If I have a group $G$ and a set $X$ then I can define an action $\alpha:G \times X \rightarrow X$ like $(g, x)=gx$
I can also define it's corresponding morphism $\alpha':G \rightarrow S_X$. Does this have to be suryective?
In the exercise, I have that $p$ is the lowest prime that divides $|G|$, I have an $H$ such that $|G:H|=p$ and $X=G/H$.
I tried thinking an example with something not so abstract, like $\mathbb{Z}_{15}$. So, $p=3$, $H \cong \mathbb{Z_5}$, and $X=\{\bar{0}, \bar{1}, \bar{2}\}$. $S_X = \{id, (\bar{0} \text{ } \bar{1}), (\bar{0} \text{ } \bar{2}), (\bar{1} \text{ } \bar{2}), (\bar{0} \text{ } \bar{1}\text{ } \bar{2}), (\bar{0} \text{ } \bar{2}\text{ } \bar{1})\}$.
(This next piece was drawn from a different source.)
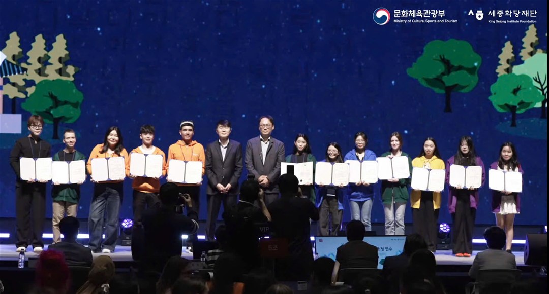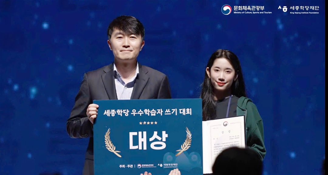 Duong Huynh Bao Tran receiving First prize at the 2025 King Sejong World Korean Writing Contest

If I have a homomorphism from $\mathbb{Z}_{15}$ to $S_X$, then, trivially, $\alpha'(0) = id$. Since $1 \in \mathbb{Z}_{15}$ has order 15, then it has to go to an element from $x \in S_X$ such that $ord(x) \text{ }| \text{ } 15$, so $ord(x) = 3$ or $ord(x) = 5$. But $S_X$ has no elements of order $5$, then it has to go to either $(\bar{0} \text{ } \bar{1}\text{ } \bar{2}) \text{ or } (\bar{0} \text{ } \bar{2}\text{ } \bar{1})$. I can apply the same reasoning to every element, so $Im(\alpha')= \{id,(\bar{0} \text{ } \bar{1}\text{ } \bar{2}), (\bar{0} \text{ } \bar{2}\text{ } \bar{1})\} $ so it wouldn't be suryective.
Is this right?
No, the morphism has not to be surjective. Consider for example $\alpha: \Bbb Z_2\times \Bbb R\to\Bbb R$ defined as $\alpha(0,x)=x$ and $\alpha(1,x)=-x$.
Then the morphism $\alpha':\Bbb Z_2\to S_{\Bbb R}$ is not surjective.